This repo generates user queries and evluates LLM agent. There are three parts: data generation, execution and evaluation

Data

Our Amazon-Bench has 400 user queries in Data/instructions_all.json.

Offline data (user queries, HTMLs, AXTree, Screenshots) is in Data/record.

Setup

First run the following:

conda create -n amazon_bench python=3.12.10
conda activate amazon_bench
pip install -r requirements.txt

We did some changes in browsergym (set auto-login, change the report_infeasible action to stop and enable the browsergym to be paralleled).

Please do the following:

  1. auto-login: please enter your amazon account email in browsergym_custom/core/task.py

  2. Then, replace the folder of your installed browsergym/core with our browsergym_custom/core

Data Generation

Run the following code to generate user queries with our functionality-grounded user query generation pipeline.

export OPENAI_API_KEY="Your Key"
python data_generation/instruction_generation.py \
    --url_pool data_generation/webpage_Explore/amazon_visited_checkpoint.json \
    --email "your_amazon_email@example.com" \
    --password "your_amazon_password" \
    --output_path data_generation/data/initial_instructions.json

Arguments

  • --url_pool (optional, str)
    Path to the JSON file containing raw visited Amazon URLs.
    Default: data_generation/webpage_Explore/amazon_visited_checkpoint.json

  • --email (required, str)
    Amazon account email. This is passed to auto_login_script.py for authentication.

  • --password (required, str)
    Amazon account password. This is passed to auto_login_script.py for authentication.
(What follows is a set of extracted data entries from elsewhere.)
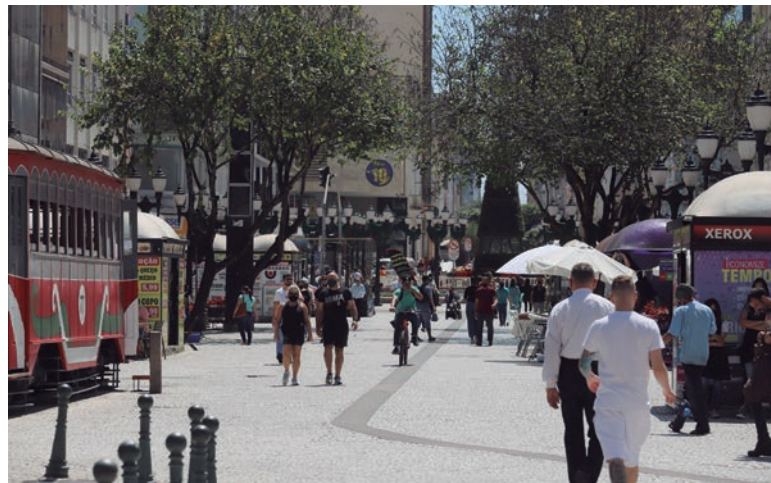
A suspensão das medidas restritivas vem com uma melhora de todos os indicadores relacionados à pandemia no Estado

Mesmo com o fim do decreto, o uso de máscara continua obrigatório em todos os espaços públicos. A medida é estabelecida pela lei estadual 20.189/2020, que institui multa em caso de descumprimento. Os valores variam entre R$ 106,60 (uma Unidade Padrão Fiscal do Paraná) a R$ 533,00 para pessoas físicas; e entre R$ 2.132,00 a R$ 10.660,00 para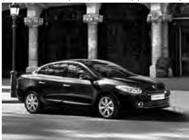
El Renault Fluence 2014 se ofrece en Argentina en 7 diferentes variantes de acabado, con un precio que inicia en los 142.700 pesos para el modelo de acceso con motor 1.6, hasta los 217.300 del tope de gama GT con motor de 2.0 litros.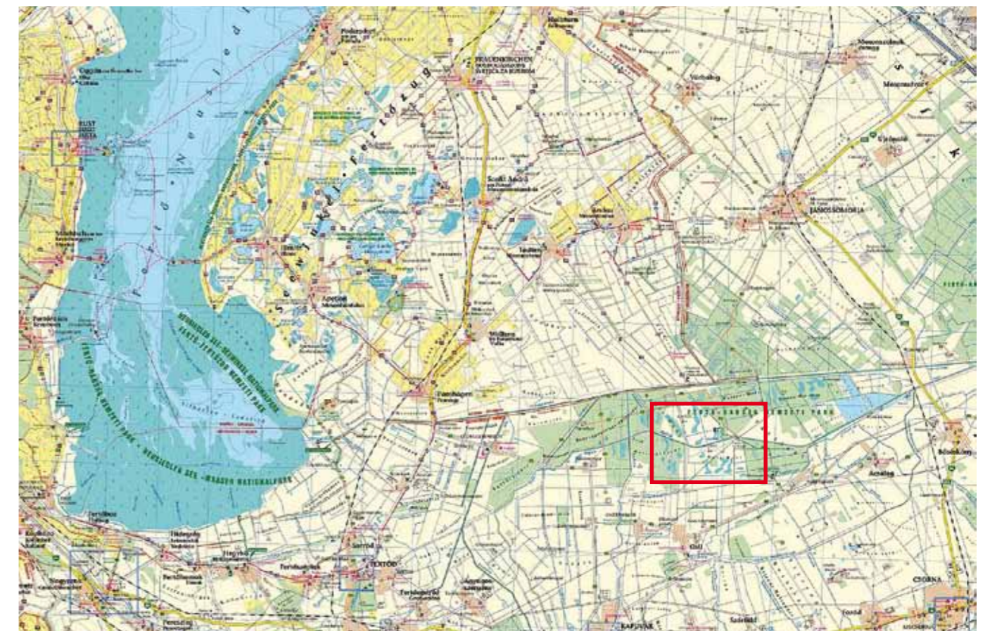
■ Im Ostteil des Nationalparks Fertő-Hanság liegt – nördlich von Osli – der Osli-Hany (rot eingrahmt)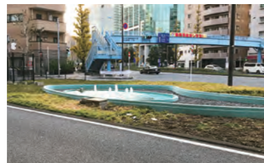
魚らん坂下緑地噴水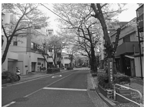
桜の咲く頃はまさに名前の通り

短い距離の桜並木ですが、3月下旬から4月上旬まで桜の見頃となります。周辺の区立児童遊園や高層マンションの田端スカイハイツ前も通りと同様にみごとな桜の花を咲かせます。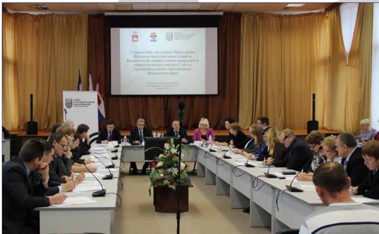
Заседание Палаты сельских поселений Совета муниципальных образований Пермского края

14. Страница Единого методологического центра размещена на сайте Министерства территориального развития Пермского края – http://minter.permkrai.ru/index/staticview/id/195/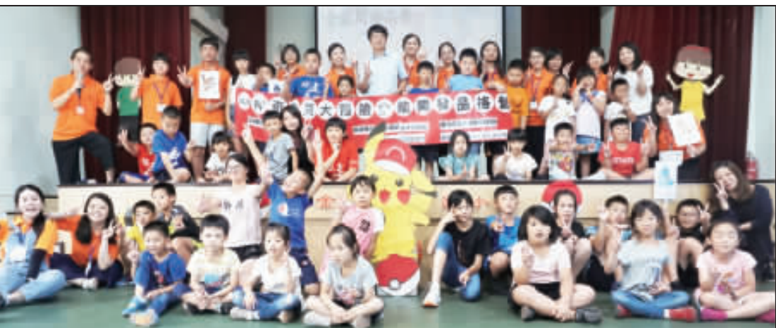
上、下：臺北市立大學崇德社連續4年攜手述美推品格營，透過營隊方式以趣味遊戲和體驗，帶領學子學習「五心」品格，並引導學童將孝等品格落實於生活中，用行動向父母及家人表達感謝。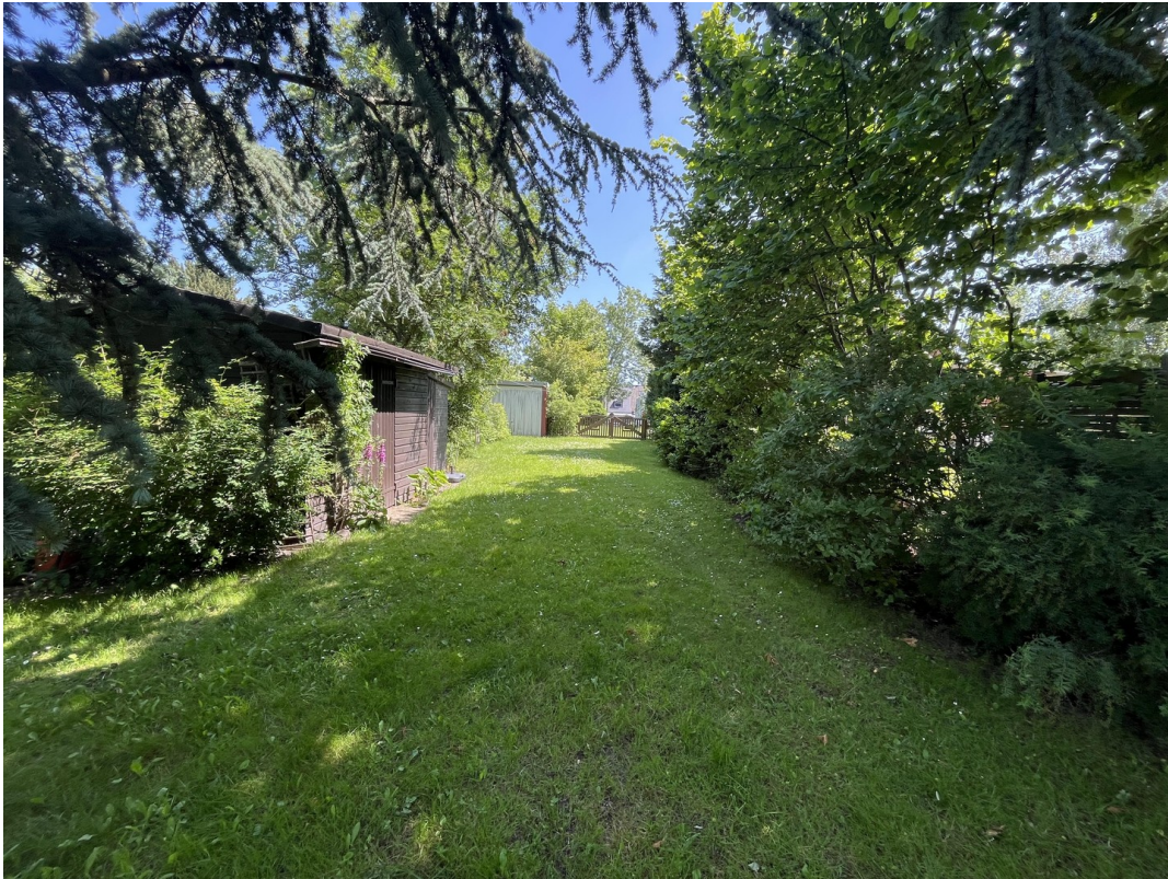
Garten, seitlicher Zugang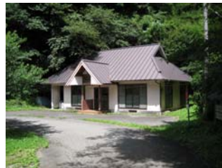
集落内に集会所があるが、今では寄り合いもなく、集会所は利用されていない。

集落の特徴： 瀧春山、松木、横野、上福良の4集落で尾八重地区を形成している。地区内の小学校が閉校し、瀧春山集落の若年世帯の一部は子どもの教育のために同じ地区内の横野集落に他出している。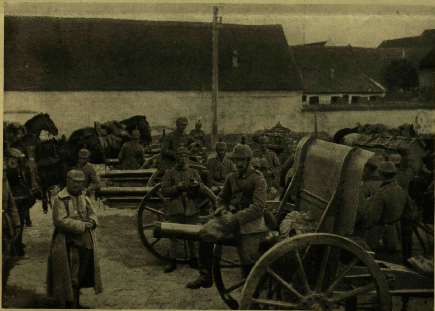
A BRASSÓI HARCZOKBAN ZSÁKMÁNYOLT ROMÁN ÁGYUK.

A ROMÁNOK KIÜZÉSE ERDÉLYBŐL.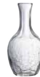
25 cl 5113 01 H : 15,7 cm Oz : 8,8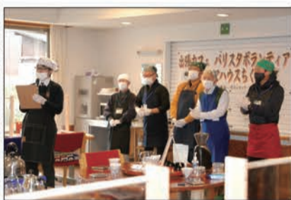
今回の受講者は40代～60代の16名

千曲市社会福祉協議会では団塊世代の男性を対象に地域福祉活動講座を開講。「珈琲福祉」と銘打ち2月からコーヒーマスター・バリスタのレクチャーを実施した。川中島のコーヒーマスター「Piano Piano」のオーナーを講師に招き、2回にわたり座学と実技を学んだ受講者は3月8日、実際に福祉施設を訪問。

  • --output_path (optional, str)
    Path to save the generated instructions JSON file.
    Default: data_generation/data/initial_instructions.json

Refinement

export OPENAI_API_KEY="Your Key"
python data_generation/instruction_refinement.py

Arguments

  • --input_path (str, default: data_generation/data/initial_instructions.json)
    Path to the input JSON file containing the generated instructions to refine.

  • --output_path (str, default: data_generation/data/refined_instructions.json)
    Path to save the refined instructions JSON.

Run Agent

Run the following code to run the agent:

export OPENAI_API_KEY="Your Key"

python Execution/parallel_launcher.py \
  --query_pool data/instructions_all.json \
  --num_parts 8 \
  --model gpt-4o \
  --start_url https://www.amazon.com

Arguments

  • --query_pool (optional, str)
    Queries generated. Our Amazon-Bench is set as default.
    Default: data/instructions_all.json

  • --num_parts (optional, int)
    Number of shards and parallel workers to launch.
    Default: 8

  • --model (optional, str)
    Model name passed through to run_explore_agent.py as --model_name.
    Default: gpt-4o

  • --start_url (optional, str)
    Starting URL (used by the child runs).
    Default: https://www.amazon.com

Agent trajectories are saved to agent_results folder.

Evaluation

This script evaluates agent trajectories using GPT-4o and saves the evaluation results to a JSON file.
It supports splitting the work into multiple parts so evaluations can run in parallel across multiple processes.

python Evaluation/parallel_judge.py \
    --num_parts 8 \
    --results_folder eval_results
  • --num_parts (optional, int)
    Number of shards and parallel workers to launch.
    Default: 8

  • --results_folder (optional, str)
    Path to the directory containing the agent trajectory runs to evaluate.
    Default: agent_results

  • --eval_result_folder (optional, str)
    Directory where the evaluation JSON files will be written (one file per part).
    Default: evaluation_results

At the end, you run:

python parse.py

This will parse evaluation reults and calculate the success rate and harmful failure rate.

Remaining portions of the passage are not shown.